Abdo v Fairfield City Council; Tony and Janet Partners Pty Ltd v Fairfield City Council; Abdo v Fairfield City Council

Case

[2012] NSWLEC 233

17 October 2012


Land and Environment Court


New South Wales

Medium Neutral Citation: Abdo v Fairfield City Council; Tony & Janet Partners Pty Ltd v Fairfield City Council; Abdo v Fairfield City Council [2012] NSWLEC 233
Hearing dates:17 October 2012
Decision date: 17 October 2012
Jurisdiction:Class 1
Before: Sheahan J
Decision:

1. That contention 1 of the respondent's Statement of Facts and Contentions be listed for determination as a preliminary point of law in advance of the section 34 conciliation conference listed on 7 and 8 November 2012, if possible.
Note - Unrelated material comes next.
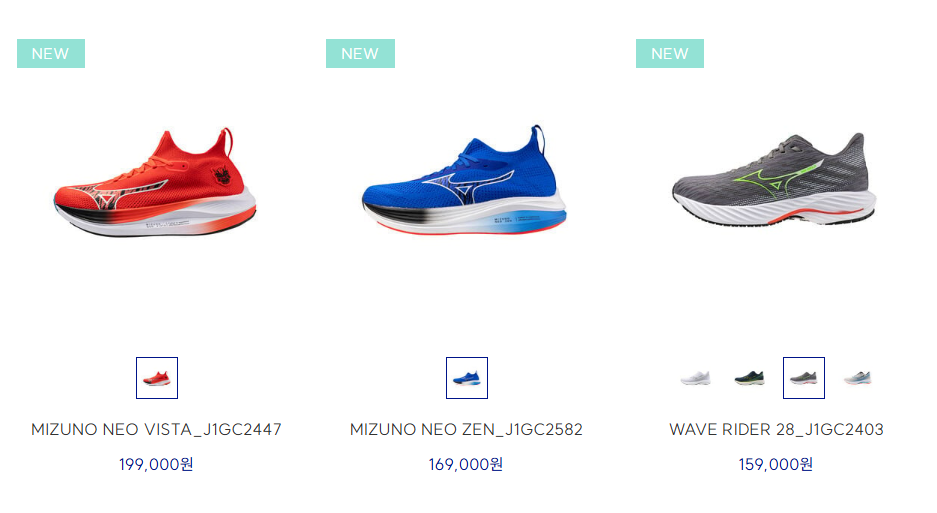 259,000원 207,200원 https://kor.mizuno.com/kr-kr/wave+rebellion+pro+3_u1gd2533/KRU1GD2533.html 259,000원 207,200원 https://kor.mizuno.com/kr-kr/wave+rebellion+pro+low_u1gd2543/KRU1GD2543.html 199,000원 https://kor.mizuno.com/kr-kr/mizuno+neo+vista_j1g

2. Costs to be costs in the cause.

Catchwords: PRACTICE AND PROCEDURE: should there be a hearing of a separate question before there is any hearing on the merits
Legislation Cited: Fairfield Local Environmental Plan
Cases Cited:

Chehade v Bankstown City Council [2012] NSWLEC 221

Fobitu Pty Ltd v Marrickville Council [2012] NSWLEC 81
Category:Procedural and other rulings
Parties: Fouad Abdo (Applicant 1 & 3)
Tony & Janet Partners Pty Ltd (Applicant 2)
Fairfield City Council (Respondent)
Representation: Mr C R Ireland, barrister (Applicants)
Ms J McCullan, solicitor (Respondent)
Maddocks Lawyers (Applicants)
Marsdens Law Group (Respondent)
File Number(s):10877 of 2012 10878 of 2012 10879 of 2012

Judgment

  1. This is a referral to me as Duty Judge from the Registrar of a Notice of Motion ('NOM') returnable today.

  1. These three Class 1 appeals are travelling together, and concern related proposals for development of boarding houses in Fairfield Council's area.
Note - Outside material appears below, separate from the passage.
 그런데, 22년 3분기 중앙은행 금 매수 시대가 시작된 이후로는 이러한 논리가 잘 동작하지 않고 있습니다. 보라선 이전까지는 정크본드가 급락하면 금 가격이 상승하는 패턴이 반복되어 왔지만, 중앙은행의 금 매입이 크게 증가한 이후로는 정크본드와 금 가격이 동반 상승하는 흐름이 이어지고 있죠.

  1. On 25 September they were listed, with the parties' agreement, for site inspections and preliminary conferences under s 34 on 7 - 8 November, and further directions on 13 November.

  1. However, on 21 September Council's identical statements of facts and contentions had been filed in each matter, and Contention 1 squarely raises the argument that the proposals are prohibited, on one or possibly two grounds - they are either prohibited by the terms of the relevant Local Environmental Plan ('LEP'), and/or as a result of correctly testing the provisions of the LEP for equivalence with the model provisions. Each limb of that contention is particularised.

  1. The correct test of equivalence was articulated in my recent decision in Chehade v Bankstown City Council [2012] NSWLEC 221. The formation of the requisite opinion is a question of fact, usually the province of a Commissioner, but the correct construction of the LEP to determine whether the use is permissible or prohibited is a question of law, or a mixed question of fact or law, which would normally be determined by a Judge.

  1. On 9 October the applicants filed NOMs in each case seeking, in terms, the listing of the whole of Contention 1 for determination "as a preliminary point of law", in advance of the s 34 conference. It is likely to take about half a day, and the applicants argue that it should be allocated to a Judge, if a timeslot can be found before 7 November, in the hope that the question would be determined in favour of permissibility, in time for the s 34 conference to proceed. Given the current pressure on listing of judges, all of that may or may not prove possible, but the applicants are entitled to ask and hope.

  1. The Council agrees to the separate resolution of the contention, but believes, in my view wrongly, that only a question of fact is involved, and that that separate question should be fixed for hearing on the current dates allocated for the s 34 conference.

  1. I believe that the agreement on separation of the question is sensible, and should be approved, as satisfying the test articulated by Biscoe J in Fobitu Pty Ltd v Marrickville Council [2012] NSWLEC 81. When it is to be listed, and before whom, are matters for the Registrar and the Chief Judge, and the parties should return to the Registrar forthwith to arrange a date for it to be heard, if possible prior to 7 November.

  1. I will make Order 1 with the addition of the words "if possible". The costs of the NOM should be the parties' costs in the cause, given that they basically agree on the order, but disagree on the date, and that the determination of the question may bring the proceedings as a whole to an end.

  1. My orders are:

(1)   That contention 1 of the respondent's Statement of Facts and Contentions be listed for determination as a preliminary point of law in advance of the section 34 conciliation conference listed on 7 and 8 November 2012, if possible.

(2)   Costs to be costs in the cause.